[Opening AVAILABLE DATA section]

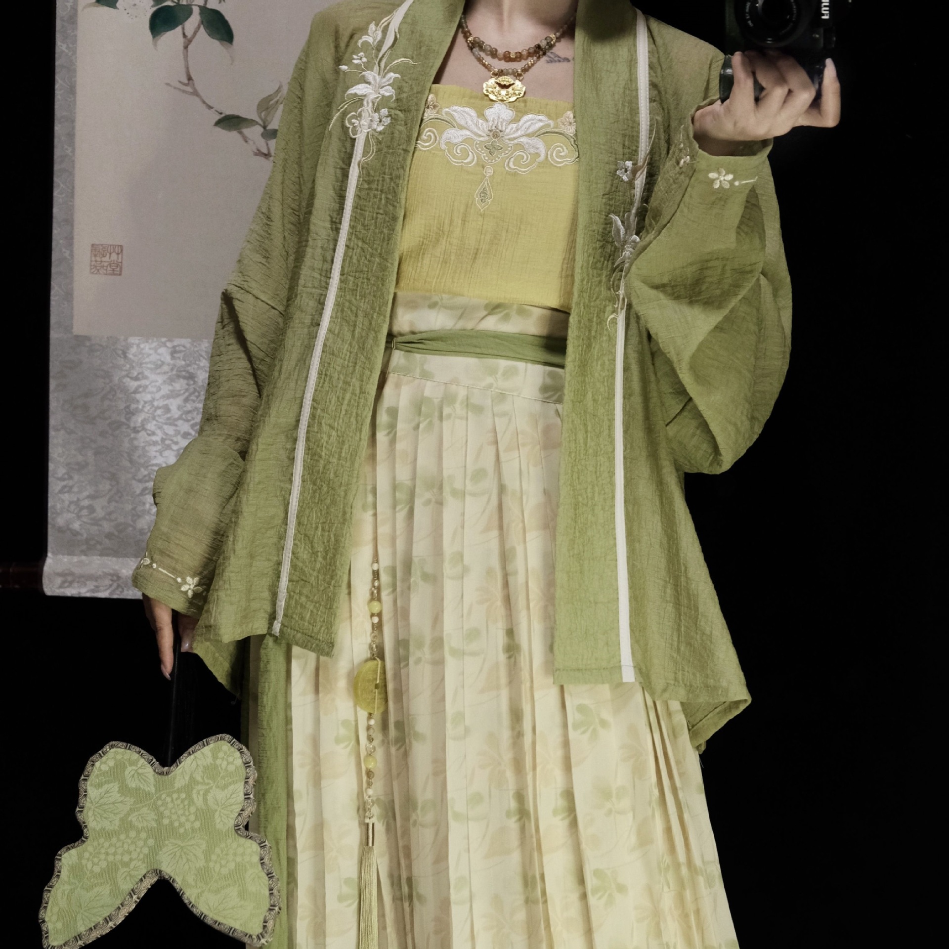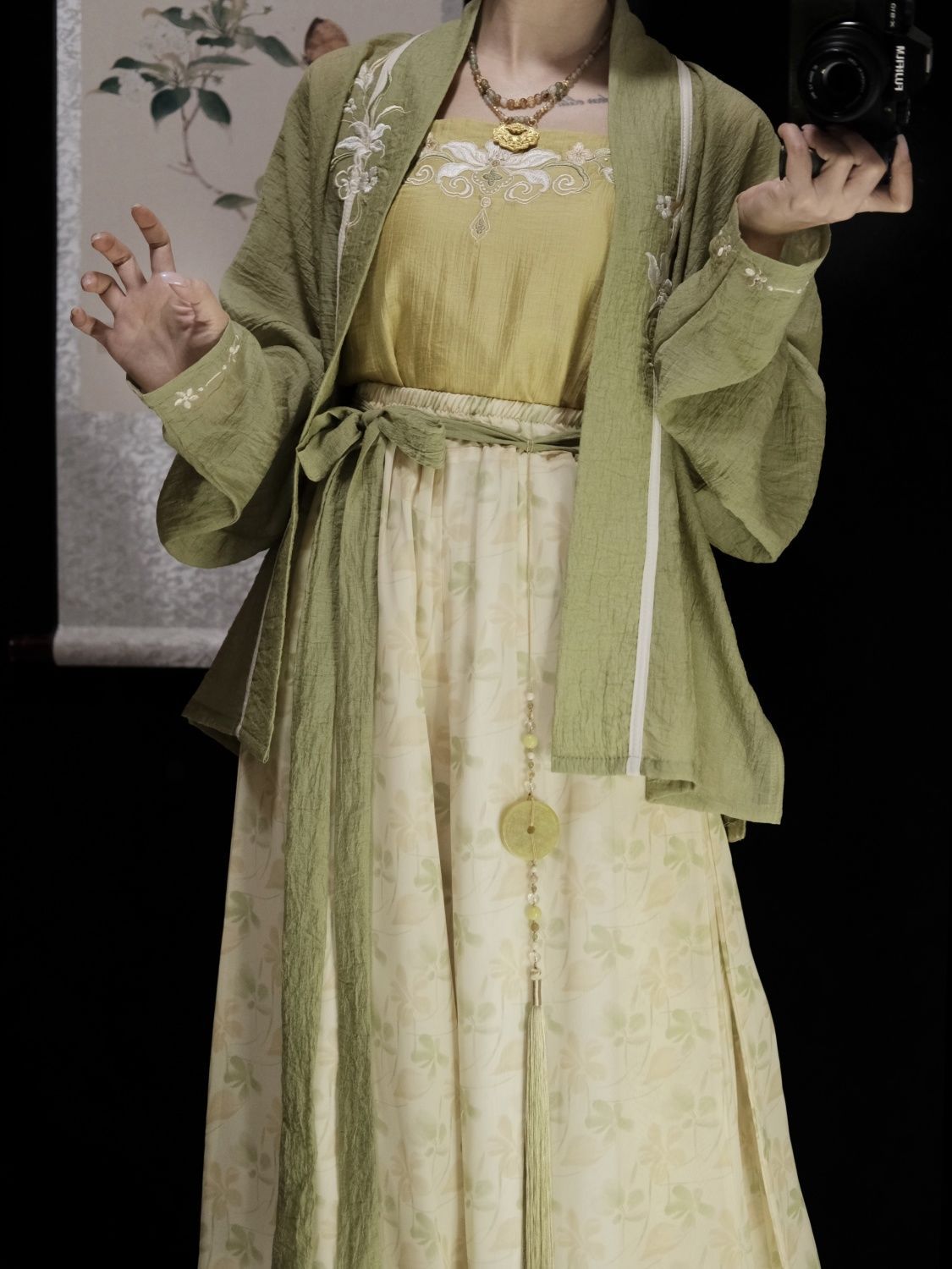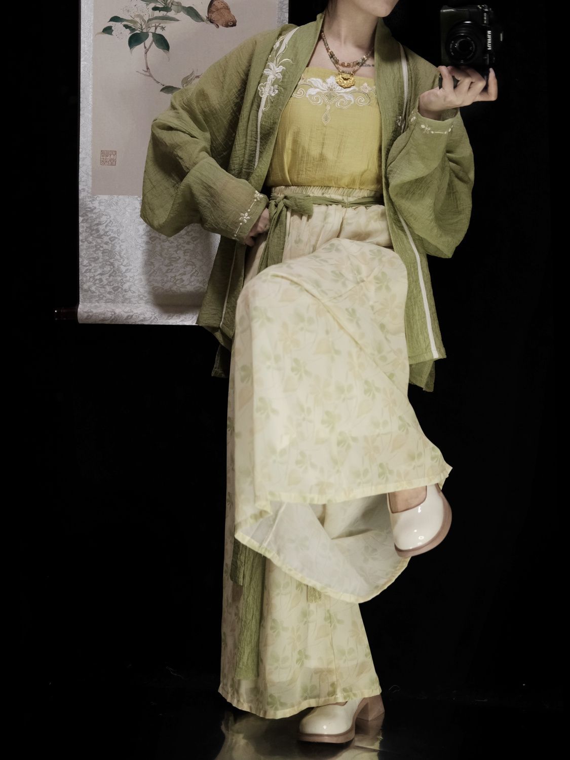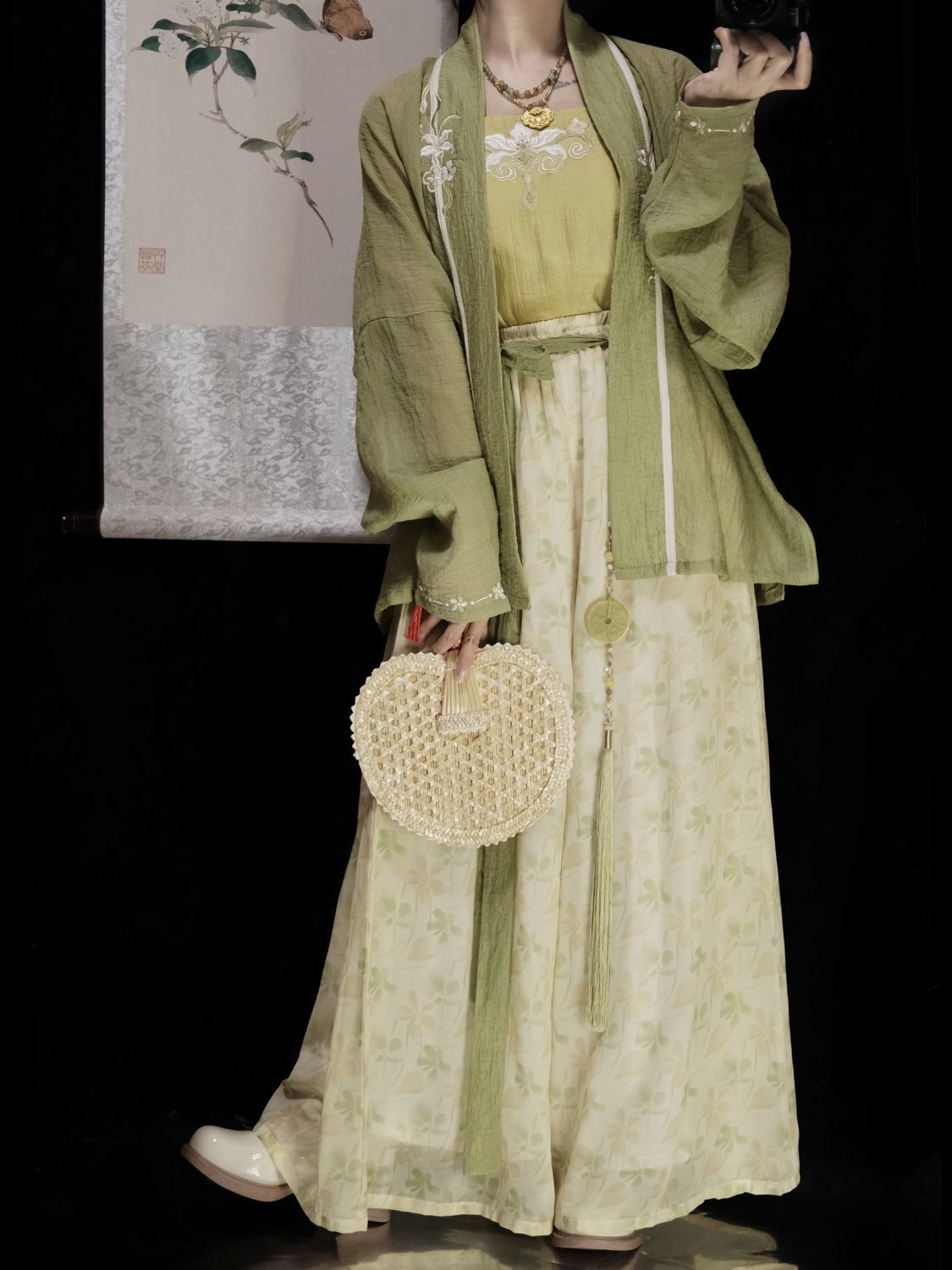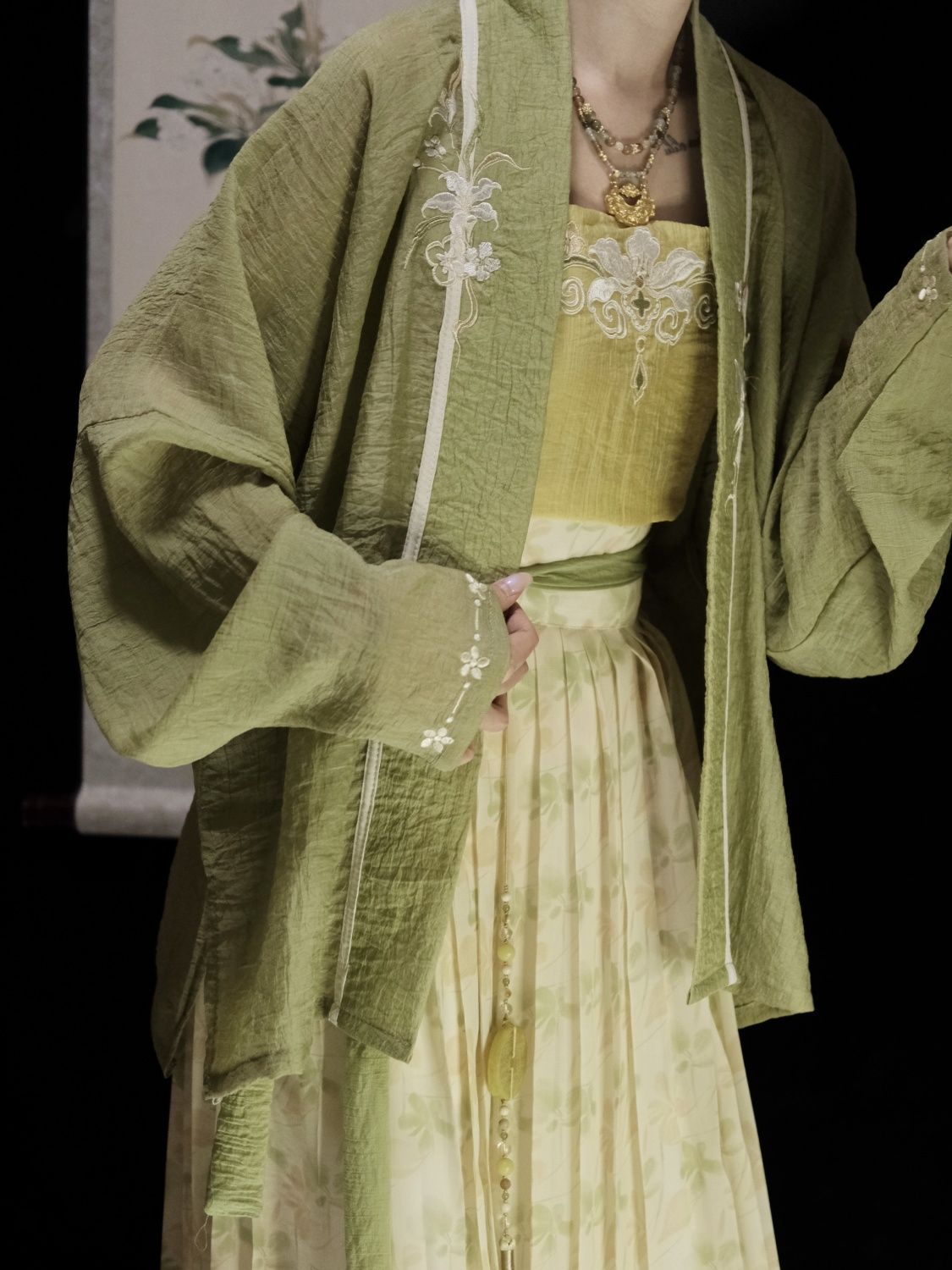 | 绿色 /飞机袖+黄色吊带+改良宋裤 | USD $21.43 | 1000 piece available |
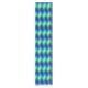 A 14” x 72” table runner featuring a colourful, ombre pattern design of chevrons in lime green, royal turquoise, ocean blue and sky blue.
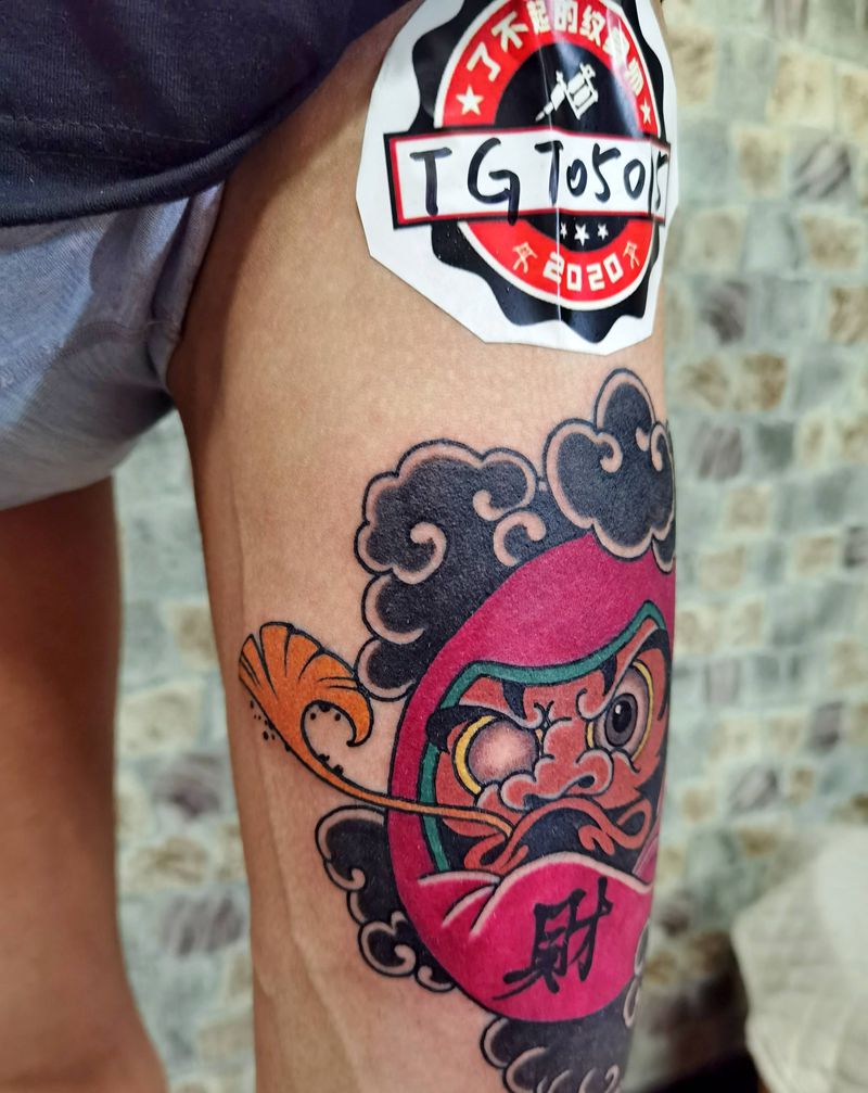 当前位置: 首页 >山东省烟台市纹身店-小军刺青纹身图案>达摩蛋纹身图片_腿部老传统达摩蛋纹身图案
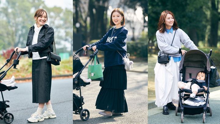 お子さんとお出掛けの日は、動きやすいスウェットが頼りになりますよね。“オシャレしてる感”が出るスカートを合わせると、ラフさが抑えられてキレイめな雰囲気に。5名のママに着こなしのポイントを教えてもらいました。
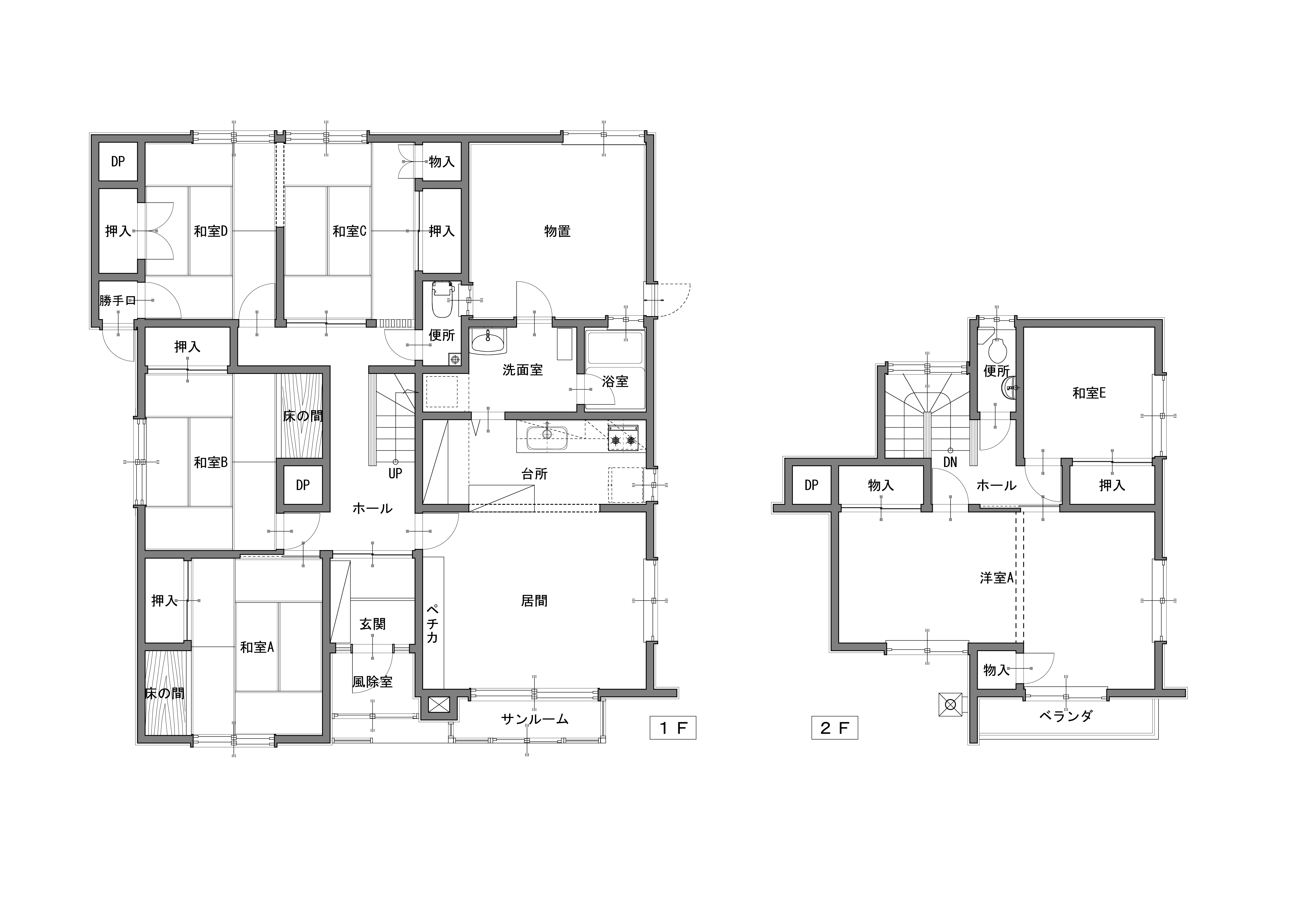 1階:台所が狭かったので対面キッチンに変更。台所~洗面室~ホールと回遊動線を確保。和室4部屋は2つの広い洋室へ。高齢の母親の寝室の隣にトイレを配置しました。

[Closing AVAILABLE DATA section]

## [YOUR OBJECTIVE]
Reprint the data verbatim, pictures excluded.

## [SOLUTION FOR THIS EXERCISE]
 | 绿色 /飞机袖+黄色吊带+改良宋裤 | USD $21.43 | 1000 piece available |
 A 14” x 72” table runner featuring a colourful, ombre pattern design of chevrons in lime green, royal turquoise, ocean blue and sky blue.
 当前位置: 首页 >山东省烟台市纹身店-小军刺青纹身图案>达摩蛋纹身图片_腿部老传统达摩蛋纹身图案
 お子さんとお出掛けの日は、動きやすいスウェットが頼りになりますよね。“オシャレしてる感”が出るスカートを合わせると、ラフさが抑えられてキレイめな雰囲気に。5名のママに着こなしのポイントを教えてもらいました。
 1階:台所が狭かったので対面キッチンに変更。台所~洗面室~ホールと回遊動線を確保。和室4部屋は2つの広い洋室へ。高齢の母親の寝室の隣にトイレを配置しました。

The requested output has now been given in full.